Lo más importante es el paciente y evitar en todo caso las faltas o los desabastecimientos de medicamentos; esa es la prioridad. El cáncer no entiende de fronteras ni de controles o retenciones en aduanas, y los pacientes necesitan continuidad del tratamiento sin interrupción por controles fronterizos. El medicamento necesita un trato prioritario que, como señalaba antes, pasa por la máxima cooperación y alineamiento regulatorio y la necesidad de plantear acuerdos de reconocimiento mutuo que entrarán en vigor justo tras la salida efectiva del Reino Unido para no poner en riesgo la disponibilidad de las innovaciones.

AS.- Respecto a la industria farmacéutica europea, ¿está ya preparada para el cambio con el Brexit? ¿Qué porcentaje de los titulares de autorización han completado ya el proceso de adaptación?

IMS.- La mayoría de las compañías farmacéuticas están poniendo en marcha planes de contingencia para reducir estos riesgos, aunque ya hay algunas que han anunciado que, pese a haber invertido cantidades millonarias, no pueden asegurar que vayan a llegar a tiempo para evitar consecuencias en el suministro de medicamentos.
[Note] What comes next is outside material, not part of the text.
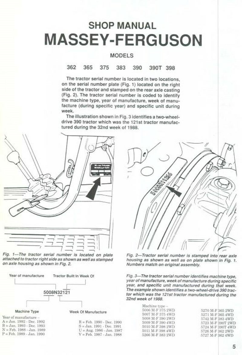 Massey Ferguson 362 365 375 383 390 390T 398 TMM Workshop Manual
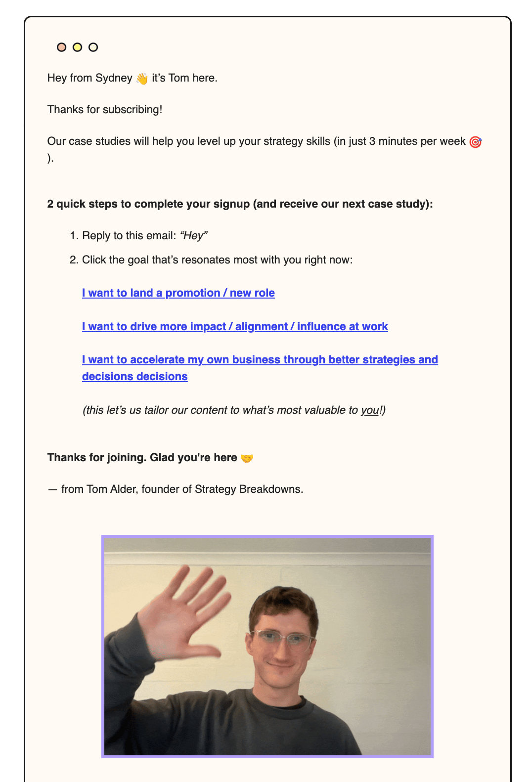 Step 3: Over the next few weeks, new subscribers receive a surprise free strategy crash course, our most popular articles (determined by beehiiv poll data on what readers found most valuable), and a bunch of behind-the-scenes stories and resources.

En cuanto al Reino Unido, ya ha avisado a las compañías de que estén preparadas para disponer de suficientes medicamentos -reservas- y garantizar así el suministro durante un mínimo de seis meses en caso de un escenario de Brexit duro.

La EMA y las agencias reguladoras de los países miembros han hecho y están haciendo un esfuerzo extraordinario para evitar un eventual riesgo de desabastecimiento asociado al Brexit, identificando aquellos medicamentos aprobados por el procedimiento centralizado que deben realizar los modificaciones regulatorias oportunas y evitar así impactos para el paciente.

AS.- ¿Diría que España está a la vanguardia comunitaria en cuanto a adaptación a la nueva coyuntura tras el Brexit?

IMS.- Hacer una afirmación en este sentido sería atrevido, si bien es cierto que nuestras autoridades y nuestras compañías llevan ya mucho tiempo trabajando en esa adaptación. Ahora bien, lo que sí sabemos es que el 29 de marzo del 2019, con acuerdo o sin él, el Reino Unido dejará de pertenecer al club comunitario y, a partir de ahí, se abren muchas incógnitas. A fecha de hoy, todo es incertidumbre debido, entre otras cuestiones, a la controversia política, sobre todo en el Reino Unido, donde hay una profunda división al respecto dentro de los principales partidos. En todo caso, no solo son los gobiernos los que deben adaptarse, sino también los sectores industriales; y en el ámbito de la salud, al margen de los impactos económicos, lo que debe primar es el interés de todos por y para el paciente.